Much of the Thursday afternoon was spent debating whether to close the Taft Youth Center in Pikeville, located in Bledsoe County.

Often the arguments passionate from representatives from throughout the state, as Taft serves 156 male students, ages 16 through 19, from across the state.

Typically, the youth at Taft have adult sentences, serious delinquent offenses, are serving a third commitment, or have exhibited severe behavior problems at one of the regional Youth Development Centers.

At one point in the debate, immediately following a motion to table an amendment to keep the Taft Center open failed, Republicans asked for and received a recess. In the end, though, the amendment failed and the fate sealed to close the center.

New cutoff dates for Pre-k, kindergarten entrance

On Wednesday, the House approved a bill pushing back the cutoff date for children enrolling in kindergarten and pre-kindergarten.

The bill changes the date by which children must be 4 to enter pre-K or age 5 to enter kindergarten from Sept. 30 to Aug. 31 in the 2013-2014. Then in 2014-2015, it backs the date up to Aug. 15 for ever year thereafter.

However, the bill also allows parents to request entrance to kindergarten of their child at age 4 if they pass a “maturity” test.

During the Senate debate Thursday morning, Sen. Jim Tracy (R-Shelbyville) said the change in dates for starting kindergarten is something early childhood education professionals have wanted for some time.

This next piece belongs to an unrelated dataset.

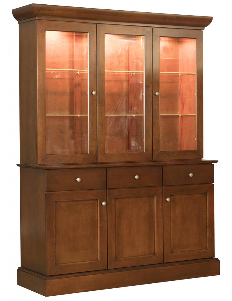 60-inch china top, 3-door, with interior lights, pewter knobs, 2 adjustable glass shelves

The Senate recessed before a vote was taken on the bill in the morning, but it passed in the afternoon floor session.

No more baggy pants

The “baggy pants” legislation became law last week when Gov. Bill Haslam signed it. The new law prohibits students from exposing “underwear or body parts in an indecent manner that disrupts the learning environment.” It will be up to individual school districts to determine the punishment.

Dismissed lawsuit losers may have to pay

After extensive debate by members of both aisles, the Senate passed last week a bill that will force a loser in a lawsuit that is dismissed as groundless to pay the other sides’ attorney’s fees and court costs up to $10,000.

Opponents said the measure would prevent people from filing suit, even if they have a legitimate case, while supports argued it will cut down on pointless lawsuits.

The bill passed the Senate 17-12.

The measure headed back to the state House to approve minor Senate changes on Thursday.

Grades for parents

Parents will be able to grade themselves on how involved they are in their child’s school performance once Haslam signs the bill.

Rep. Brian Kelsey (R-Germantown) sponsored the legislation that passed the House 94-2 early in the week and passed the Senate 27-0 on Wednesday.

Parents will be able to do a self-evaluation on such items as how much do they do help their child or children with homework and how often do they attend parent/teacher meetings.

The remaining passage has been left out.